### Activity
Repeat the following entries exactly, excluding pictures.

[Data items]
----------------------------------------

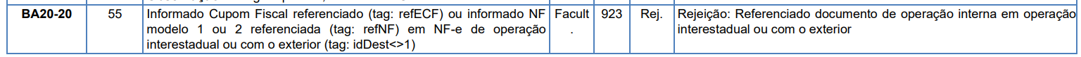 A Rejeição 923 pode ocorrer quando uma NF-e for emitida com operação interestadual ou com o exterior (tag: idDest<>1) e referenciado um Cupom Fiscal (tag: refECF) ou informado NF modelo 1 ou 2 referenciada (tag: refNF) emitido em operação interna (tag: idDest=1)
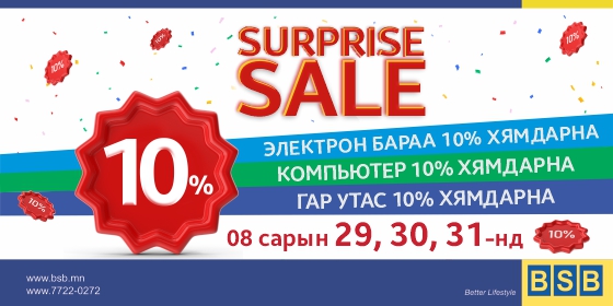 Монголын хамгийн том электрон бараа, компьютер, гар утасны BSB-н бүх салбар дэлгүүрүүд 8-р сарын 29, 30, 31-ний Мягмар, Лхагва, Пүрэв гарагуудад ердөө 3-хан өдөр SURPRISE SALE зарлаж БҮХ БАРАА-гаа 10% хямдруулж байна.
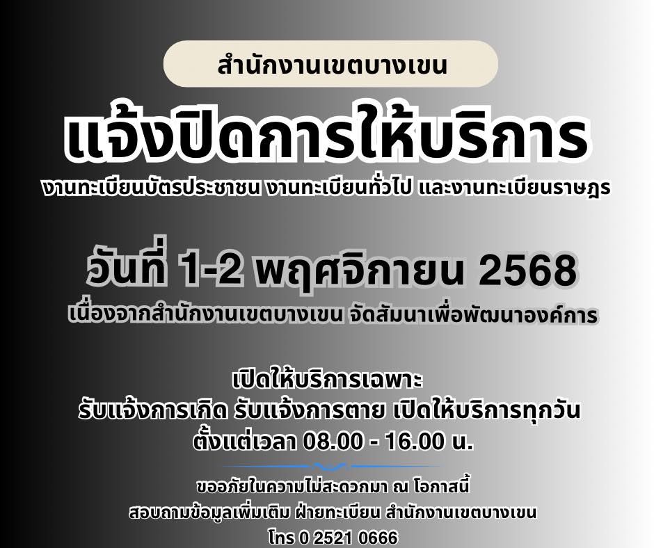 สำนักงานเขตบางเขน แจ้งปิดให้บริการงานทะเบียนราษฎรและงานทะเบียนบัตรประจำตัวประชาชน ในวันเสาร์ที่ 1 และ วันอาทิตย์ที่ 2 พฤศจิกายน 2568 เนื่องจากสำนักงานเขตบางเขน จัดสัมมนาเพื่อพัฒนาองค์การให้กับช้าราชการและบุคลากร ทั้งนี้ เปิดบริการเฉพาะ แจ้งเกิด แจ้งตาย เวลา 08.00-16.00 น. สอบถามข้อมูลเพิ่มเติม โทร. 0 2521 0666
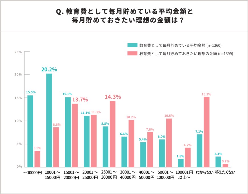 ママたちが子どものために毎月いくら貯金をしているのかというと、「1万1円〜1万5,000円」が最も多く20.2%、次いで「1万円以下」が15.5%、「1万5,001円〜2万円」が15.1%となりました。
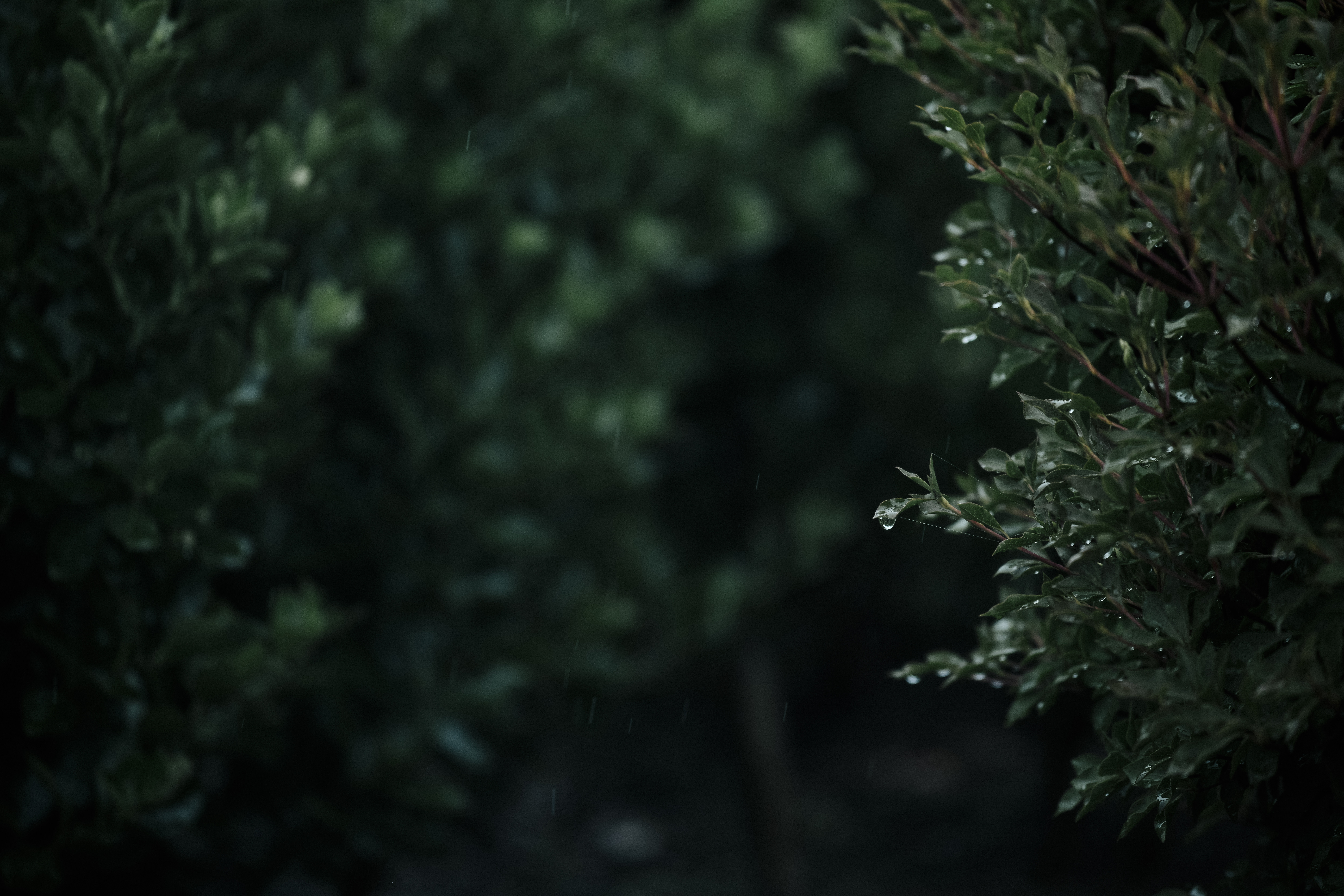 緑の葉に付いた水滴の写真素材です。濃い緑色の葉の表面に透明な水滴がいくつも付着し、背景は深い緑色でぼかされた梅雨の季節感を表現したイメージです。雨粒や雫の繊細な表現は、季節感を活かしたデザインや自然・環境をテーマにしたコンテンツ制作に活用できます。
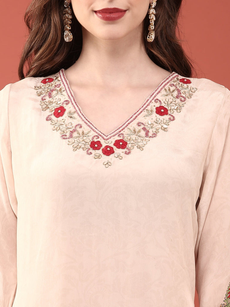 Cream Crepe Printed Embroidery Three Piece Suit Set
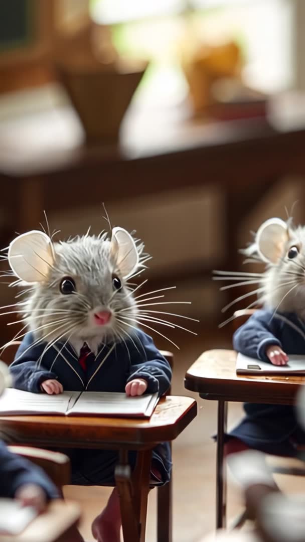 AI Generated Video. Featuring grey mouse students in navy uniforms, nodding attentively and gazing at open notebooks while sitting at wooden desks in vertical video format. Close-up framing focusing on expressive whiskers, round ears, and tiny hands resting on pages, creating charming family-friendly classroom atmosphere. Perfect for children's education projects, animated book trailers, school campaign videos, social media vertical reels, storybook introductions, and edtech app demos. Suggesting gentle piano or classroom ambient sound, warm color grade, and slow push-in to emphasize focus and concentration. Allowing room for text overlays, logo animations, and voiceover narration for lesson intros, promotional spots, or app onboarding sequences.
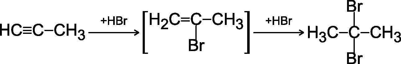 Бромоводород присоединяется к пропину в соответствии с правилом Марковникова (через стадию образования 2-бромпропена-1) образуя 2,2-дибромпропан. (см. рисунок)
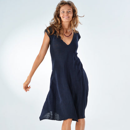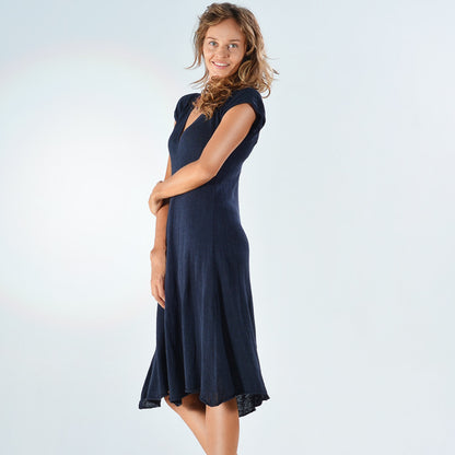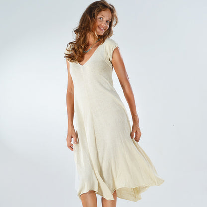 Make heads turn with this beautiful A-line silk dress in stocking stitch, short sleeves with a twisted hem.
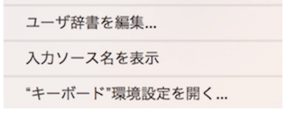 Macの右上のメニューの言語選択を開いてその中の「ユーザー辞書を編集」をクリックしましょう。

----------------------------------------

### Task response
 A Rejeição 923 pode ocorrer quando uma NF-e for emitida com operação interestadual ou com o exterior (tag: idDest<>1) e referenciado um Cupom Fiscal (tag: refECF) ou informado NF modelo 1 ou 2 referenciada (tag: refNF) emitido em operação interna (tag: idDest=1)
 Монголын хамгийн том электрон бараа, компьютер, гар утасны BSB-н бүх салбар дэлгүүрүүд 8-р сарын 29, 30, 31-ний Мягмар, Лхагва, Пүрэв гарагуудад ердөө 3-хан өдөр SURPRISE SALE зарлаж БҮХ БАРАА-гаа 10% хямдруулж байна.
 สำนักงานเขตบางเขน แจ้งปิดให้บริการงานทะเบียนราษฎรและงานทะเบียนบัตรประจำตัวประชาชน ในวันเสาร์ที่ 1 และ วันอาทิตย์ที่ 2 พฤศจิกายน 2568 เนื่องจากสำนักงานเขตบางเขน จัดสัมมนาเพื่อพัฒนาองค์การให้กับช้าราชการและบุคลากร ทั้งนี้ เปิดบริการเฉพาะ แจ้งเกิด แจ้งตาย เวลา 08.00-16.00 น. สอบถามข้อมูลเพิ่มเติม โทร. 0 2521 0666
 ママたちが子どものために毎月いくら貯金をしているのかというと、「1万1円〜1万5,000円」が最も多く20.2%、次いで「1万円以下」が15.5%、「1万5,001円〜2万円」が15.1%となりました。
 緑の葉に付いた水滴の写真素材です。濃い緑色の葉の表面に透明な水滴がいくつも付着し、背景は深い緑色でぼかされた梅雨の季節感を表現したイメージです。雨粒や雫の繊細な表現は、季節感を活かしたデザインや自然・環境をテーマにしたコンテンツ制作に活用できます。
 Cream Crepe Printed Embroidery Three Piece Suit Set
 AI Generated Video. Featuring grey mouse students in navy uniforms, nodding attentively and gazing at open notebooks while sitting at wooden desks in vertical video format. Close-up framing focusing on expressive whiskers, round ears, and tiny hands resting on pages, creating charming family-friendly classroom atmosphere. Perfect for children's education projects, animated book trailers, school campaign videos, social media vertical reels, storybook introductions, and edtech app demos. Suggesting gentle piano or classroom ambient sound, warm color grade, and slow push-in to emphasize focus and concentration. Allowing room for text overlays, logo animations, and voiceover narration for lesson intros, promotional spots, or app onboarding sequences.
 Бромоводород присоединяется к пропину в соответствии с правилом Марковникова (через стадию образования 2-бромпропена-1) образуя 2,2-дибромпропан. (см. рисунок)
 Make heads turn with this beautiful A-line silk dress in stocking stitch, short sleeves with a twisted hem.
 Macの右上のメニューの言語選択を開いてその中の「ユーザー辞書を編集」をクリックしましょう。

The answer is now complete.